Соседкой оказалась Ольга Орловская, журналистка из Куйбышева, жена некоего Ленцнера, сыгравшего видную роль в троцкистской оппозиции. Сама Ольга была преданнейшим членом партии, с Ленцнером уже много лет была в разводе, но все же была арестована за связь с ним.
Ольга уже много месяцев сидела одна и была бесконечно рада установившейся связи с нами. Стучали мы во время раздачи обеда или ужина, когда тишина нарушалась звяканьем черпаков и жестяных мисок. Главной темой наших бесед было обсуждение газетного материала. Мы имели право из собственных 50 рублей, присылаемых родными, выписывать местную газету «Северный рабочий».

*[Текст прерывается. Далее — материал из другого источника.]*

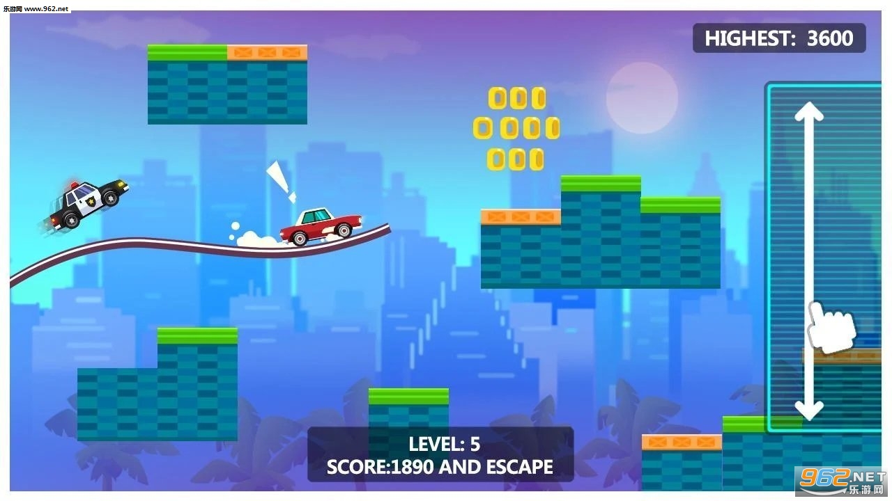 《空中逃生追车安卓版》是一款追逐逃亡系列的休闲类游戏,玩家驾驶自己的小车需要不断的突破各种障碍,摆脱警车的追捕,同时也要尽可能多的收集金币,游戏的玩法很简单,简单的跳跃操作来躲避障碍和凹坑,游戏还提供不同的小车类型让玩家解锁哦。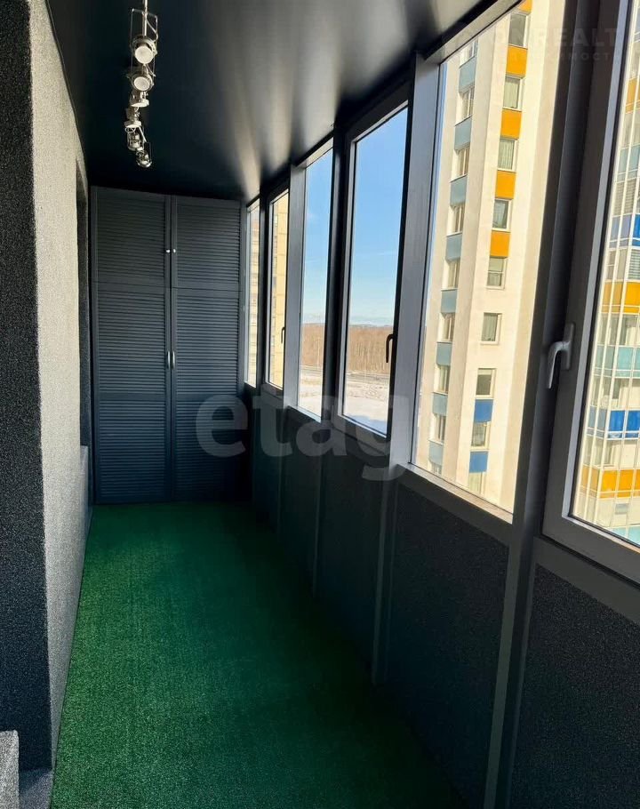 Лоджия с двумя выходами из кухни и комнаты отделана антивандальными материалами, имеет натяжной потолок и искусственный газон — идеальное место для отдыха.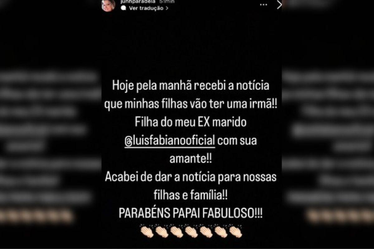 Nesta quinta-feira, dia 09 de março, Juliana Paradelas usou as suas redes sociais para compartilhar que o ex-jogador Luis Fabiano terá um filho fora do casamento. Em uma publicação realizada nos Stories do Instagram, ela ironizou o craque e se referiu ao atleta como ex-marido, afirmando que já contou para as filhas sobre o ocorrido.

Что это была за газета! Если бы ее взял в руки сегодняшний читатель, ему показалось бы, что он бредит. Процесс изъятия «врагов народа» обобщался, систематизировался чуть ли не в схемах и таблицах. Можно было, например, встретить корреспонденцию о нерадивом секретаре райкома, утверждающем, будто в его районе уже «некого брать». Автор корреспонденции негодовал по поводу такого примиренчества к «враждебным элементам» и ставил под сомнение собственную благонадежность секретаря. По нескольку раз в месяц давались развернутые полосы о судебных процессах районных руководителей. Столбцы немудрящей провинциальной газетки пестрели словами «высшая мера», «приговор приведен в исполнение». Они набирались жирным шрифтом.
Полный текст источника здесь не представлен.